In the entries below, find the line with "ライトアップされてなかなか雰" and print exactly every line from there up to and including the line with "手帳の構成は年間カレンダー、", with no other lines.

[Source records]
>>>

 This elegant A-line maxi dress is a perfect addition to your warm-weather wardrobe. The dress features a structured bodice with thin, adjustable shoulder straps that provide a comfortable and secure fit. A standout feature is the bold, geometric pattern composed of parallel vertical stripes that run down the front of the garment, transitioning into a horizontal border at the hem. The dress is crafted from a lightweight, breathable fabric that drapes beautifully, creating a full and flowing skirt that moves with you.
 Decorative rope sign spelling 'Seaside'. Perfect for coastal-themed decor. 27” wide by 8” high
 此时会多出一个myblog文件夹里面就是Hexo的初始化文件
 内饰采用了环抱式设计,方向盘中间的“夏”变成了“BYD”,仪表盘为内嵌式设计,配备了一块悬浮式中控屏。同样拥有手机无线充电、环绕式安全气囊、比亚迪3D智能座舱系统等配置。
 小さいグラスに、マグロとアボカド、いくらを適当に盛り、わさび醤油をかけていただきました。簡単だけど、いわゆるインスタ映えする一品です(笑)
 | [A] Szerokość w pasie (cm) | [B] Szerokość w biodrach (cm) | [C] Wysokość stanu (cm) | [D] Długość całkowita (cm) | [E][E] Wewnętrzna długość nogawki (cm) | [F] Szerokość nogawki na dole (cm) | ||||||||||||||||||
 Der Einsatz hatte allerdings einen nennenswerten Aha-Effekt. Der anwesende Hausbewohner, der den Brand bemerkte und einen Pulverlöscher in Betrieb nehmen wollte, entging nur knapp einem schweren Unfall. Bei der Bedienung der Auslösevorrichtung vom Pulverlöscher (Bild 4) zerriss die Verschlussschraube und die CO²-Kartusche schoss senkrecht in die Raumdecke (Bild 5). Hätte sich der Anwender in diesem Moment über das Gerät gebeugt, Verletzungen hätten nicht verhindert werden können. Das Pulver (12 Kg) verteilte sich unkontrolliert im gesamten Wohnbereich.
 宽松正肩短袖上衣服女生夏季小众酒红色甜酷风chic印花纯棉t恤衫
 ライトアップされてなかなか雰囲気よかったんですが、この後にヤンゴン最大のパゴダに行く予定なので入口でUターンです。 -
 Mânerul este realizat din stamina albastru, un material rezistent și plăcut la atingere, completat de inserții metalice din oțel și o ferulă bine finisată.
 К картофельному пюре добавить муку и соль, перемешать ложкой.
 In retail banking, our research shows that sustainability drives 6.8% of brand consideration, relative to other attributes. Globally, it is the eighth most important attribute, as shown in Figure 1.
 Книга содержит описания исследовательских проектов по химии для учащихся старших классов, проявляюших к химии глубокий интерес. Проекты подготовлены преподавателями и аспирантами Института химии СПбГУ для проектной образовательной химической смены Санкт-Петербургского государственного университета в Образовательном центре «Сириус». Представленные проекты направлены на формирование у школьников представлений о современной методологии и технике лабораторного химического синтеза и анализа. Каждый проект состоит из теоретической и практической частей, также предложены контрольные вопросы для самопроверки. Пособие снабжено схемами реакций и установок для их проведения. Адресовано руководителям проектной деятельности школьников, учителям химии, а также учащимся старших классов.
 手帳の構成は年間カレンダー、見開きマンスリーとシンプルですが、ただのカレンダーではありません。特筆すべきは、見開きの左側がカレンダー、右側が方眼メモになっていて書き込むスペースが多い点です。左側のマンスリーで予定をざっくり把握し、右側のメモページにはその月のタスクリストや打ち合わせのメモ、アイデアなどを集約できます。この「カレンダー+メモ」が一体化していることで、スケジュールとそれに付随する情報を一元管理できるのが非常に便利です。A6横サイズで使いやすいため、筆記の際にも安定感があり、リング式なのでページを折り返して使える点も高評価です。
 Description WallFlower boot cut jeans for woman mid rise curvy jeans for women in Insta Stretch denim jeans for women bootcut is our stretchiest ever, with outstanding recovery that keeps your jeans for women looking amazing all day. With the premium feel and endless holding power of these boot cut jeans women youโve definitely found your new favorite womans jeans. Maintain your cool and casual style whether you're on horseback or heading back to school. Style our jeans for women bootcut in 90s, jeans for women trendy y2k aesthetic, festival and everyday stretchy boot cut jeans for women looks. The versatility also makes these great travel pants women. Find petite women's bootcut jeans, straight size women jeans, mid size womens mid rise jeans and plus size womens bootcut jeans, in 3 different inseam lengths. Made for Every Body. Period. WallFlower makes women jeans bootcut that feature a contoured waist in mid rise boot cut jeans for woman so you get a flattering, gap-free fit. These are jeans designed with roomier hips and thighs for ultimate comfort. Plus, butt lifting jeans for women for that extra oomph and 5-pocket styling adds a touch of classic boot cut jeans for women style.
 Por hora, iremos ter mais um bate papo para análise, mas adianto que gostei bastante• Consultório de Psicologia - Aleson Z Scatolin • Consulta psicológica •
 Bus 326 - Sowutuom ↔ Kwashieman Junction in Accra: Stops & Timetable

<<<

EXERCISE ANSWER →
 ライトアップされてなかなか雰囲気よかったんですが、この後にヤンゴン最大のパゴダに行く予定なので入口でUターンです。 -
 Mânerul este realizat din stamina albastru, un material rezistent și plăcut la atingere, completat de inserții metalice din oțel și o ferulă bine finisată.
 К картофельному пюре добавить муку и соль, перемешать ложкой.
 In retail banking, our research shows that sustainability drives 6.8% of brand consideration, relative to other attributes. Globally, it is the eighth most important attribute, as shown in Figure 1.
 Книга содержит описания исследовательских проектов по химии для учащихся старших классов, проявляюших к химии глубокий интерес. Проекты подготовлены преподавателями и аспирантами Института химии СПбГУ для проектной образовательной химической смены Санкт-Петербургского государственного университета в Образовательном центре «Сириус». Представленные проекты направлены на формирование у школьников представлений о современной методологии и технике лабораторного химического синтеза и анализа. Каждый проект состоит из теоретической и практической частей, также предложены контрольные вопросы для самопроверки. Пособие снабжено схемами реакций и установок для их проведения. Адресовано руководителям проектной деятельности школьников, учителям химии, а также учащимся старших классов.
 手帳の構成は年間カレンダー、見開きマンスリーとシンプルですが、ただのカレンダーではありません。特筆すべきは、見開きの左側がカレンダー、右側が方眼メモになっていて書き込むスペースが多い点です。左側のマンスリーで予定をざっくり把握し、右側のメモページにはその月のタスクリストや打ち合わせのメモ、アイデアなどを集約できます。この「カレンダー+メモ」が一体化していることで、スケジュールとそれに付随する情報を一元管理できるのが非常に便利です。A6横サイズで使いやすいため、筆記の際にも安定感があり、リング式なのでページを折り返して使える点も高評価です。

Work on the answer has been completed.